[Records from a dataset]
= = = = = = =

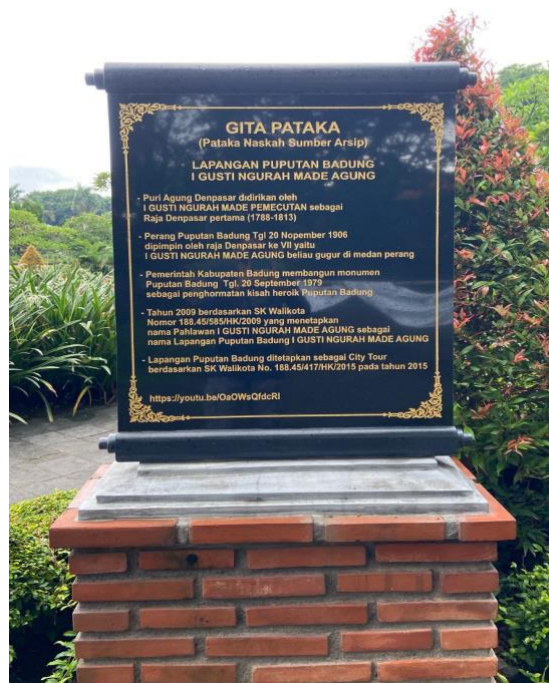
Figure 2. Puputan Badung monument called Gita Pataka near Puputan Badung Square
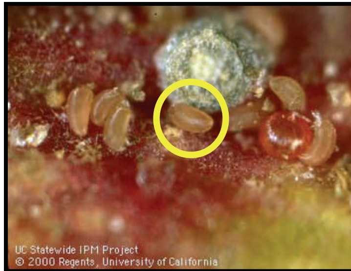
Big-beaked plum mites

So why talk about them? Under certain circumstances the damage can affect the growth habit of the tips of branches and reduce the growth of scaffolds and limbs on young trees. The goal for the first 1-3 years of an orchard's life is to grow the largest trees you can. All management is aimed at promoting growth so when you have a mite that restricts growth it becomes a problem. The eriophyid mite attacks the growing shoot tip, damages emerging leaves, and increases bud breakage at the growing tip creating a 'witch's broom effect' much like a peach twig borer strike but worse because it continues to feed on the newly emerging leaves. The mite feeding slows productive shoot growth on affected limbs for this season and will need to be pruned off during the next dormant season.
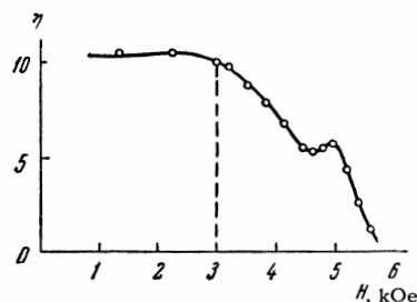
FIG. 3. Amplification of proton polarization vs. magnetic field intensity in a crystal with 0.2% Ce^{3+} at a saturation frequency 165 Mcs at a rotation speed f = 250 rpm.

The presence of a maximum at \nu_e^S = \nu_{e \min} - \nu_n was predicted above in the case when there is no inversion of the levels and there is rapid passage

= = = = = = =

## [WHAT THE TASK ASKS]
Could you repeat exactly the lines from the one containing "Big-beaked plum mites" through the last line of the records, both included, without the pictures?

## [RESULT OF THIS EXERCISE]
Big-beaked plum mites

So why talk about them? Under certain circumstances the damage can affect the growth habit of the tips of branches and reduce the growth of scaffolds and limbs on young trees. The goal for the first 1-3 years of an orchard's life is to grow the largest trees you can. All management is aimed at promoting growth so when you have a mite that restricts growth it becomes a problem. The eriophyid mite attacks the growing shoot tip, damages emerging leaves, and increases bud breakage at the growing tip creating a 'witch's broom effect' much like a peach twig borer strike but worse because it continues to feed on the newly emerging leaves. The mite feeding slows productive shoot growth on affected limbs for this season and will need to be pruned off during the next dormant season.
FIG. 3. Amplification of proton polarization vs. magnetic field intensity in a crystal with 0.2% Ce^{3+} at a saturation frequency 165 Mcs at a rotation speed f = 250 rpm.

The presence of a maximum at \nu_e^S = \nu_{e \min} - \nu_n was predicted above in the case when there is no inversion of the levels and there is rapid passage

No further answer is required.